3. Separate DNS Infrastructure by Criticality
Run your control plane services on a separate DNS zone backed by a separate resolver cluster. If application-tier DNS falls over, control plane resolution stays up. If you are on Kubernetes, this means CoreDNS for application service discovery and a separate, static resolver for the API server itself.
4. Test DNS Failure Explicitly
DNS failure is easy to simulate and almost never included in chaos testing. Block UDP/TCP port 53 at the host firewall and watch what happens. Which services die immediately? Which ones keep running on cached addresses? Which ones cannot restart?

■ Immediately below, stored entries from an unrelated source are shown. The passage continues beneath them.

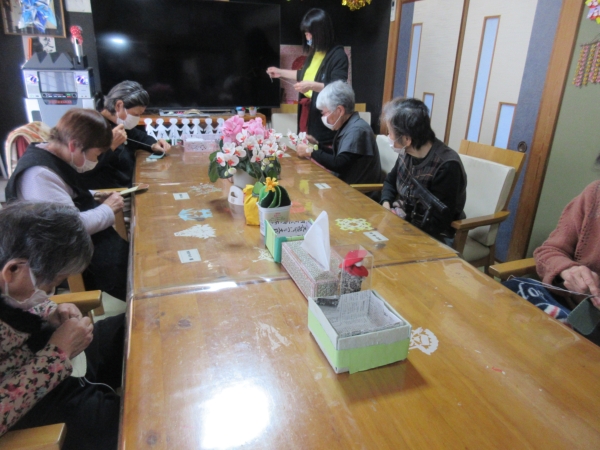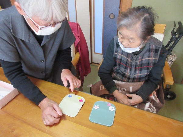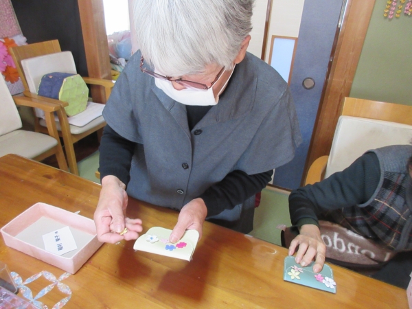 春らしく、好きな花のパーツを選んでもらい、貼り付けて頂きます
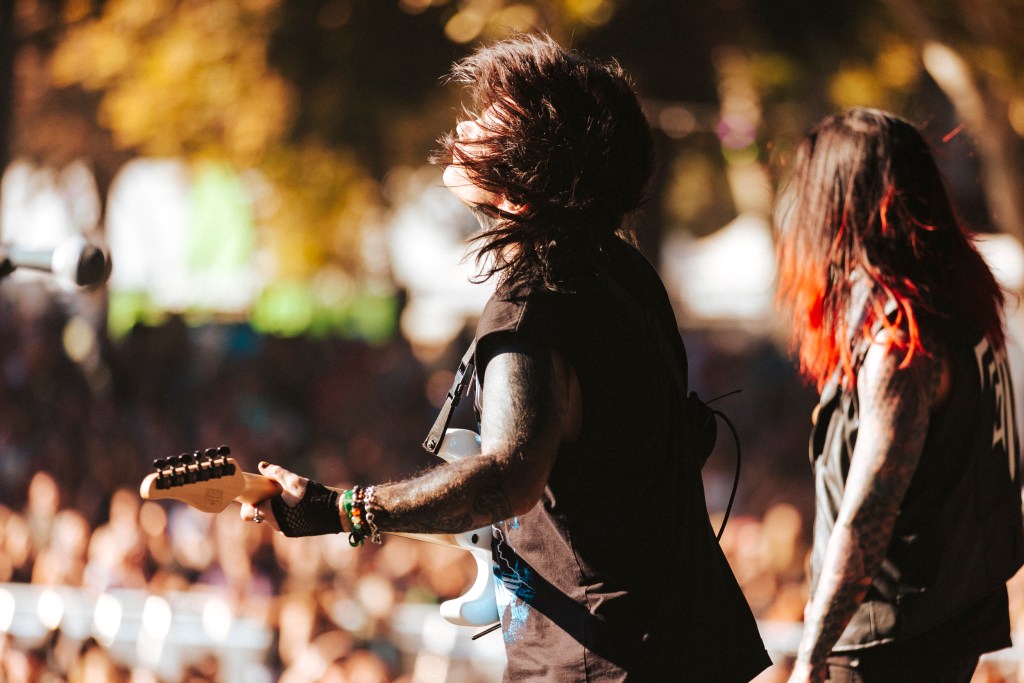 Fresh off a tour with Corey Taylor, Luna Aura brought an energetic stage presence that the audience loved and they vibed along with her. Between songs she asked them, “Are we friends yet? Do you want to be more than friends? Me too!” Her fun and bright vocals and bouncing guitar riffs made for a very catchy performance.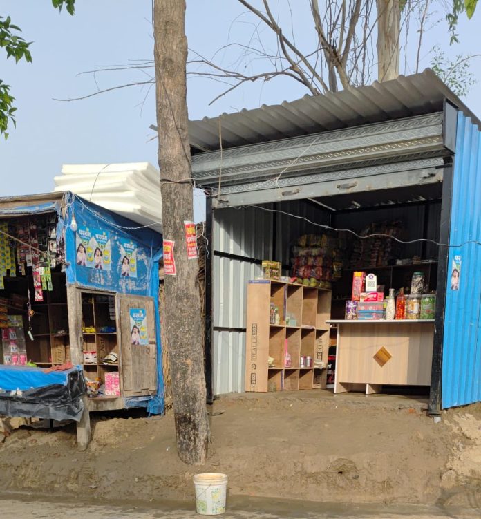 गड्ढे की जमीन दबंगों ने कब्जा कर खोला दुकान, नियम की जमकर उड़ रही धजिया।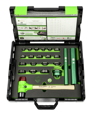 The 22-piece ball bearing installation kit K-71-L-A is used for the fast, precise, and secure installation of bearings and seals in craft, industry, and workshop. The set includes 18 impact rings made of impact-resistant polyethylene terephthalate, 2 impact tubes made of aluminum, an impact head, and a soft-face hammer. The tool set ensures a damage-free installation of bearings without damaging shafts, bearing housings, or seal rings.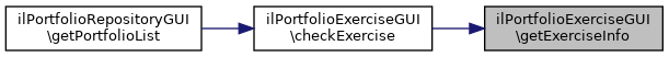 References $exercise, $info, $pe, ilPortfolioExercise\getAssignmentsOfPortfolio(), and getExerciseInfo().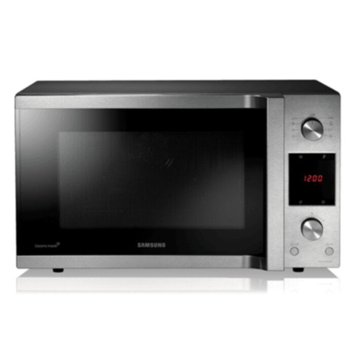 • نوع المنتج: شواية ميكروويف • العلامة التجارية: سامسونج • الموديل: MC455THRCSR • نوع التركيب: قائم بذاته • الميزات والمواصفات: الميزات الرئيسية: مستشعر ذكي: يضبط وقت الطهي والطاقة تلقائيًا. شواية وحمل حراري: خيارات طهي متعددة الاستخدامات. سعة كبيرة: 45 لترًا لوجبات عائلية. قفل أمان للأطفال: ميزة أمان لمنع الاستخدام العرضي. المواصفات: اللون: أسود، الطاقة: 1000 واط، السعة: 45 لترًا، نوع التركيب: سطح الطاولة، نوع المحرك: عاكس، خرج الطاقة: 1000 واط، قفل أمان للأطفال: نعم، طهي بالمستشعر: نعم، القدرة: 1000 واط، السلسلة: MC455، محتويات العلبة: وحدة الميكروويف، قرص دوار، دليل المستخدم، الأبعاد: الوزن: 20 كجم، الحجم (العرض × الارتفاع × العمق): 555 × 313 × 487 مم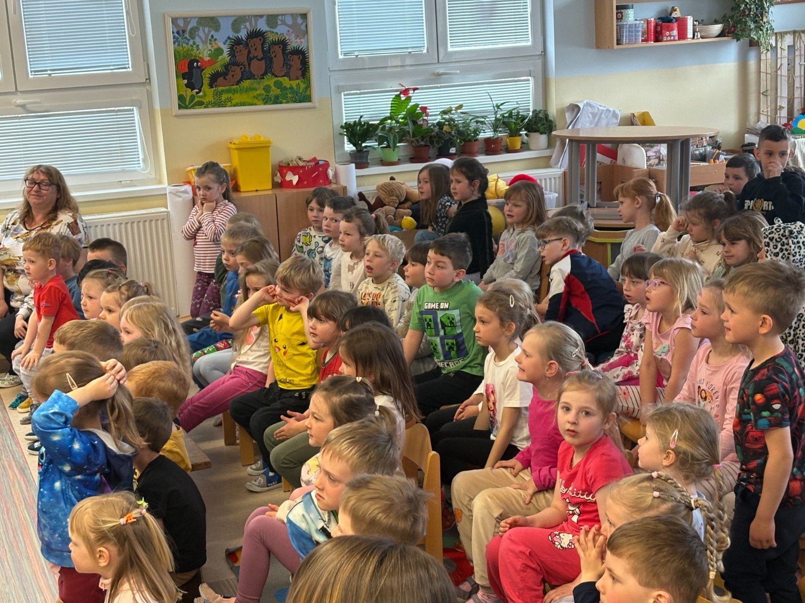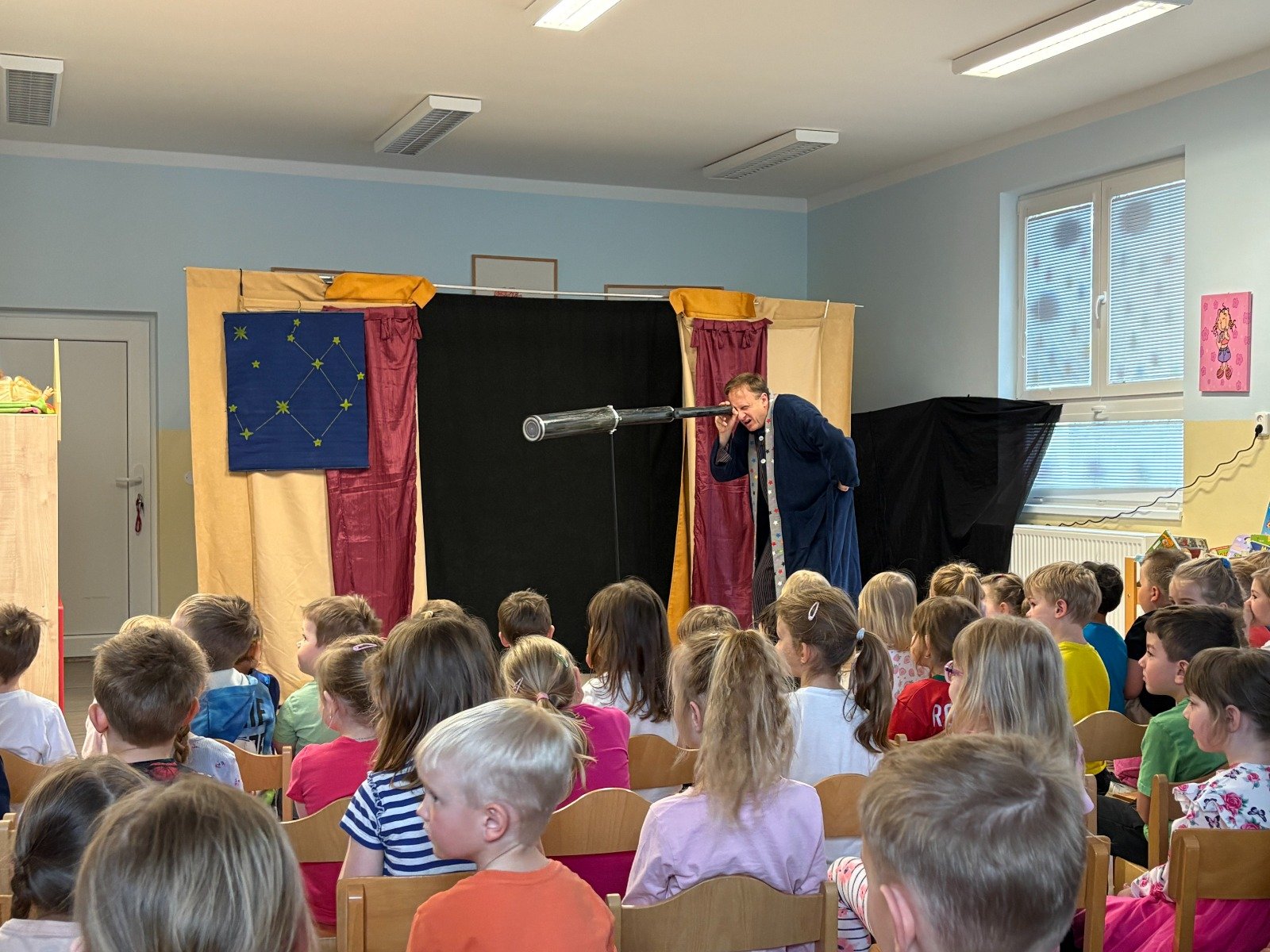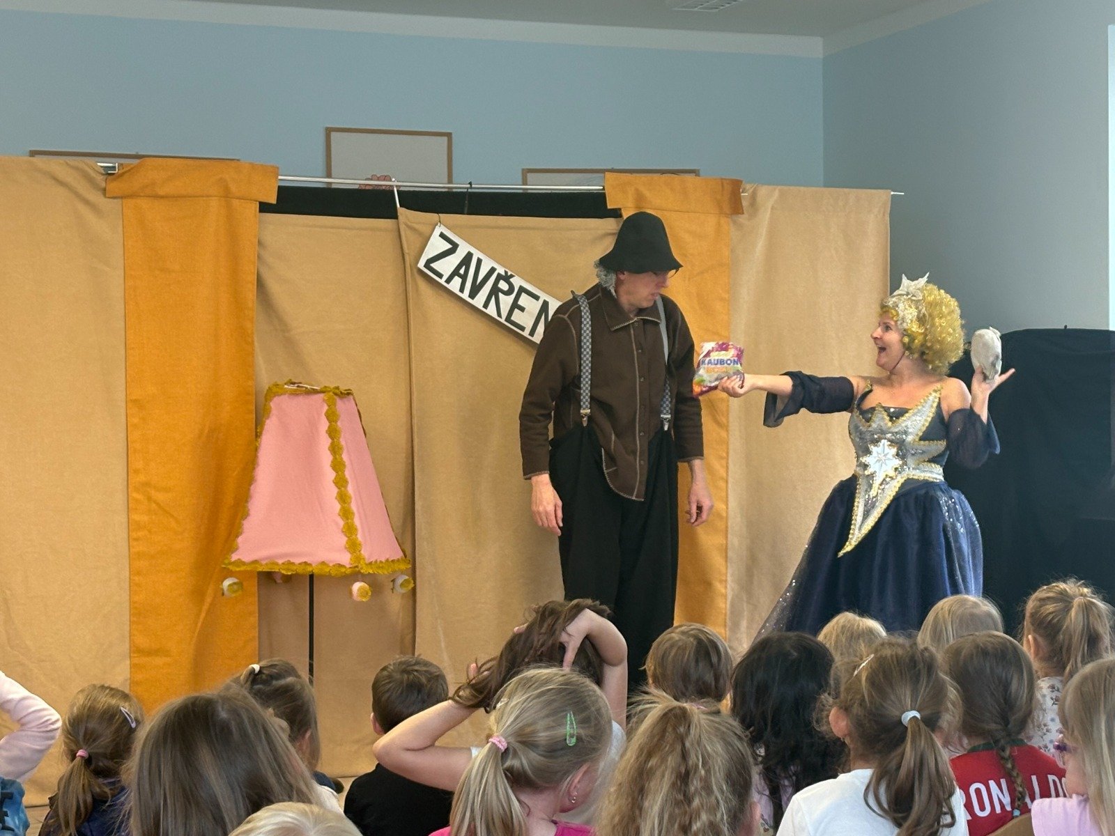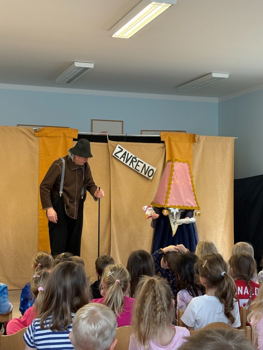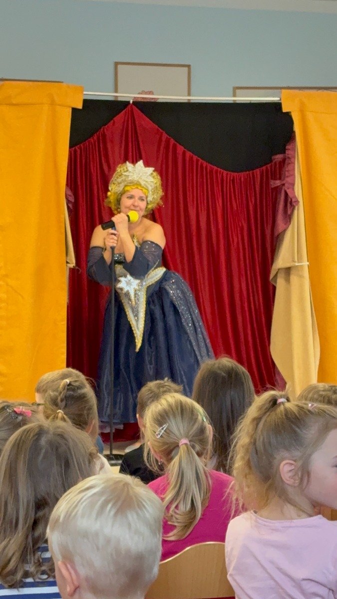 Dne 15.4. jsme shlédli divadelní pohádku o Hvězdičce Lucince, která se chtěla podívat na Zemi mezi nás lidi, a tak spadla na jeden den z oblohy k nám dolu. Součástí představení byl také chytlavý zpěv a nasazení herců bylo úctyhodné. Hvězdička Lucinka prožívá na Zemi zářivá dobrodružství, avšak do setmění se musí vrátit na své místo na obloze, aby nevyhasla a nestal se z ní meteorit. Během dne pomohla nejednomu človíčkovi. Nejprve zaskakovala za slavnou zpěvačku Kometu jako hvězda večera, poté přinášela štěstí fotbalistovi na jeho dresu, dále malému školákovi pomohla k jeho vysněné jedničce s hvězdičkou z diktátu a v neposlední řadě pomohla rozsvítit na cestu starému dědečkovi. Díky dětem a panu hvězdáři, kteří ji pomohli, se Lucinka po všech pozemských dobrodružstvích dostala včas na své místo na obloze, kde dodnes září na cestu nám všem, kteří si na ni vzpomenou. Děti byly vtaženy do děje po celou dobu představení, ochotně spolupracovali s herci a moc si pohádku užívaly. Představení bylo velice vydařené, těšíme se na příště.

The services that cannot restart after a DNS failure are your risk inventory. Work backwards from that list.
Recovery Without DNS
When you are in the middle of a DNS outage, you need two things: a way to reach things, and a way to fix things without the thing that is broken.
Keep a local /etc/hosts file pattern ready for your critical internal names. It is ugly and manual, but echo "10.0.1.5 api.internal" >> /etc/hosts has ended more outages than any sophisticated tooling. Better: automate the maintenance of static host entries for your tier-zero services as part of your AMI or instance bootstrap, present at startup, independent of DNS, updated by your configuration management system using IP addresses.
DNS is infrastructure. Like any infrastructure, it fails. The engineers who recover fastest are not the ones who prevented every DNS failure — they are the ones who made sure DNS failure did not prevent them from doing anything else.
It is always DNS. Make sure when it is, you still have options.